Asdar menambahkan pemahaman K3 juga tidak hanya untuk petugas lapangan PDAM namun juga karyawan terkhusus bagian produksi yang setia harinya terpapar akan zat kimia.

"Termasuk juga rekan kita dibagian Produksi yang setiap saat bersentuhan dengan Zat Kimia, ini perlu diperhatikan juga persoalan kelengkapan dan manfaat menggunakan K3," tambahnya.

Sementara, Plt Kepala Balai Besar Pengambangan K3 Kota Makassar, Dr.Muhammad Jabir, M.Kes mengatakan Kesehatan dan Keselamatan dalam bekerja harus menjadi prioritas utama dengan tujuan utama memberikan pemahaman terhadap bagaimana cara mengendalikan potensi bahaya ditempat kerja kita supaya dapat selamat dan produktivitas dapat tetap terjaga.

Perlu diketahui, untuk penerapan Sistem K3 akan memakai sistem Manajemen, dengan didasari organisasi K3 yang disebut P2K3 atau Panitia pembina K3 yang akan dibentuk dan terdapat training khusus anggota dari semua unit kerja. Adapun susunan P2K3 terdiri dari Ketua dari Unsur Manajemen dan Sekertarisnya dari Ahli K3. Nanti setelah terbentuk baru didaftarkan ke Disnaker Provinsi untuk diresmikan dan dikukuhkan sebagai Organisasi K3.

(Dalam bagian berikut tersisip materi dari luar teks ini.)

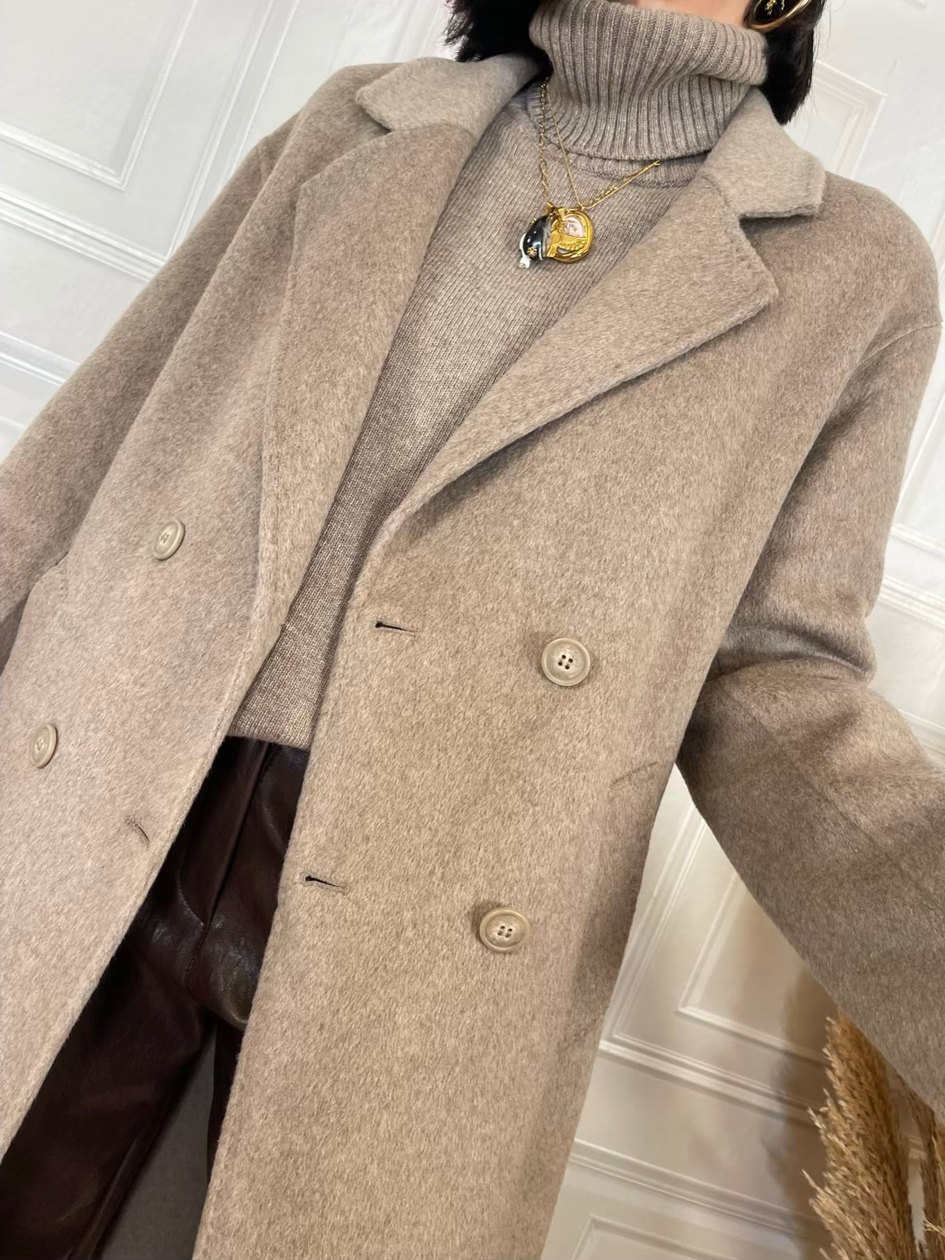 Cappotto hand Made a doppiopetto. Modello con due tasche laterali, chiusura con bottoni sul davanti. Spacchetto sul retro.
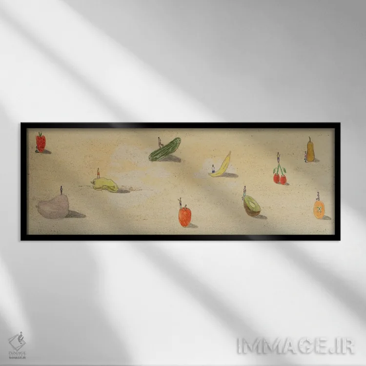 براساس پالت ترکیبی اثر، قاب بلوط روشن (چوبی) پیشنهاد اول است و استخوانی ملایم مکمل. برای سفارشهای پروژهای با ابعاد و قابهای اختصاصی با ایماژ در تماس باشید.

Ditempat yang sama, Ketua Pelaksana Pelatihan, Ayyub Absro menambahkan In House Training ini sendiri akan berlangsung selama 2 hari yakni tanggal 30-31 Mei 2018 yang diikuti 35 peserta terdiri dari staf yang berhubungan dengan Bidang Tehnik dan Produksi. 

"Kegiatan ini yang kedua kali di selenggarakan, pertama tahun lalu dengan jumlah peserta 50 orang, kita harapkan semoga bisa berkelanjutan," tutupnya.